Dataset items
_ _ _ _ _ _ _

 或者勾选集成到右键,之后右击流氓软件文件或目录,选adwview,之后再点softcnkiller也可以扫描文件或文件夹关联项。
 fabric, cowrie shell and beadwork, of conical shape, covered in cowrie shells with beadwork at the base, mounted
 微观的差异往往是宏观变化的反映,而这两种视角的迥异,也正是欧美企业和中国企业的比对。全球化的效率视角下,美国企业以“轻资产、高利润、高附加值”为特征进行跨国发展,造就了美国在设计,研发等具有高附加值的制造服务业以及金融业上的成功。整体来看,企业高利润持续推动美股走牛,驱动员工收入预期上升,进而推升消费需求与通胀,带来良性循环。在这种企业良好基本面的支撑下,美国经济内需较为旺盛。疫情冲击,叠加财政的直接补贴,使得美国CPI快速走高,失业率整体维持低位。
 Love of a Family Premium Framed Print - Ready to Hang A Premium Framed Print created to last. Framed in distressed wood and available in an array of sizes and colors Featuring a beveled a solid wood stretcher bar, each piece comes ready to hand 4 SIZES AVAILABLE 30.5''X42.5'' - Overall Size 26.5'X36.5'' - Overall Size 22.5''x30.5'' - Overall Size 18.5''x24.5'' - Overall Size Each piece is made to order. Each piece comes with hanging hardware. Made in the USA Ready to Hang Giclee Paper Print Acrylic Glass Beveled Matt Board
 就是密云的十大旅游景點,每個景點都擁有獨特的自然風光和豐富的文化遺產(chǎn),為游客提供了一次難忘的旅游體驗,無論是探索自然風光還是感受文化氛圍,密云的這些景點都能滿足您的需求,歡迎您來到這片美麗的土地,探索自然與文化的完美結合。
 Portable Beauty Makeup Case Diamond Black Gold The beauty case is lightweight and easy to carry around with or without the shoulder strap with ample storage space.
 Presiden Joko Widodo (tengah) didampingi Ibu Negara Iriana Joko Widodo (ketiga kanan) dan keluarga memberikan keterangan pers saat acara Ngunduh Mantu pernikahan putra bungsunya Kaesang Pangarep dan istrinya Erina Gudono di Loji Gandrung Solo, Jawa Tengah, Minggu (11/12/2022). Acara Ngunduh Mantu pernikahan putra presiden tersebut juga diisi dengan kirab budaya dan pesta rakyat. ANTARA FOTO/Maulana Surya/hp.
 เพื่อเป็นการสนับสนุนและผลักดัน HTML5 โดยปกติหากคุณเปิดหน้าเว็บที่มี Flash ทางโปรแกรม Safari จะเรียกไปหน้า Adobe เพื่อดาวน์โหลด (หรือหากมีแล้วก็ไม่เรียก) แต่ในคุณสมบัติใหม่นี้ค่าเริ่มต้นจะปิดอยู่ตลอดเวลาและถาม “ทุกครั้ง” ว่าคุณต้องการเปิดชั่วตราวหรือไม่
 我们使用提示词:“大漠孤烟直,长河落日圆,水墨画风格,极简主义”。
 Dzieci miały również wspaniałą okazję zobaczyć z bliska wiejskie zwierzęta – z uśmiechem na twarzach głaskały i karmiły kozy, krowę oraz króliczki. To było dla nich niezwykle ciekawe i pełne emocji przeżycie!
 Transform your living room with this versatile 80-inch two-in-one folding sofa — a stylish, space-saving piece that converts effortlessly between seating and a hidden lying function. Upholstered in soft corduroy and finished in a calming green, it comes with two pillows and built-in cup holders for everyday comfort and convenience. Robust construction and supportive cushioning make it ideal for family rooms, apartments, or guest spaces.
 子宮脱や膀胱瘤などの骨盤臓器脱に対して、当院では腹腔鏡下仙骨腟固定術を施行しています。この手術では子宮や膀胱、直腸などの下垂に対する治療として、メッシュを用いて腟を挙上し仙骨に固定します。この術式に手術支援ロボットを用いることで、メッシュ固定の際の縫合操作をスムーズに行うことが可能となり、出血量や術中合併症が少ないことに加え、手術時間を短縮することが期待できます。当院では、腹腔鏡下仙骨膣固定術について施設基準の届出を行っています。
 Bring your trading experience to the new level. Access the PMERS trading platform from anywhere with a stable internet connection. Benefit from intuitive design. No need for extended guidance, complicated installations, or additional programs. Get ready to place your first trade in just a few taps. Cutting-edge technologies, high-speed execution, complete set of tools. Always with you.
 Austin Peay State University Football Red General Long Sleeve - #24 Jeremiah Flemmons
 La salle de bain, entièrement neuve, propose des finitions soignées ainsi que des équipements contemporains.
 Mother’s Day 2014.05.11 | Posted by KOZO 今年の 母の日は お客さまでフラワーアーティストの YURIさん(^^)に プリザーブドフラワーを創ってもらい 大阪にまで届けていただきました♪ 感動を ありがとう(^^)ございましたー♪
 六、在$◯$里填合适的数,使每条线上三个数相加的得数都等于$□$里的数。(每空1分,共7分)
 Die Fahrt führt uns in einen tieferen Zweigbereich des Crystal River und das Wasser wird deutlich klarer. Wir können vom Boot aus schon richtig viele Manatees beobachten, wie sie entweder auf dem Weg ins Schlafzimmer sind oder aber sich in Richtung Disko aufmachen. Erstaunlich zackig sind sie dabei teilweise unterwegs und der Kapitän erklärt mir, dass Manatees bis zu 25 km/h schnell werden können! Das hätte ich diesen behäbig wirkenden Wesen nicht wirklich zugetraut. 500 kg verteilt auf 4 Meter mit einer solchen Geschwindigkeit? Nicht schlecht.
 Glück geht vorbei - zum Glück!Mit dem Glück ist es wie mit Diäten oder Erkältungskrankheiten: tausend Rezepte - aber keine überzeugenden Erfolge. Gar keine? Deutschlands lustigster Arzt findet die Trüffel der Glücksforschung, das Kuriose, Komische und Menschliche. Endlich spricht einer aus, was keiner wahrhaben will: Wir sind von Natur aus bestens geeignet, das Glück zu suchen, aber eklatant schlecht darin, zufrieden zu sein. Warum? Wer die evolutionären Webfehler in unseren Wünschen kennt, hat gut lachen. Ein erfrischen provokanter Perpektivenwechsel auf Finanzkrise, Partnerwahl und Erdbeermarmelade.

_ _ _ _ _ _ _

TASK GOAL —
What you give back should be exactly the lines of the data above from the line with "La salle de" through the line with "六、在$◯$里填合适的数,使", both of those included, and nothing more.

ANSWER SPACE —
 La salle de bain, entièrement neuve, propose des finitions soignées ainsi que des équipements contemporains.
 Mother’s Day 2014.05.11 | Posted by KOZO 今年の 母の日は お客さまでフラワーアーティストの YURIさん(^^)に プリザーブドフラワーを創ってもらい 大阪にまで届けていただきました♪ 感動を ありがとう(^^)ございましたー♪
 六、在$◯$里填合适的数,使每条线上三个数相加的得数都等于$□$里的数。(每空1分,共7分)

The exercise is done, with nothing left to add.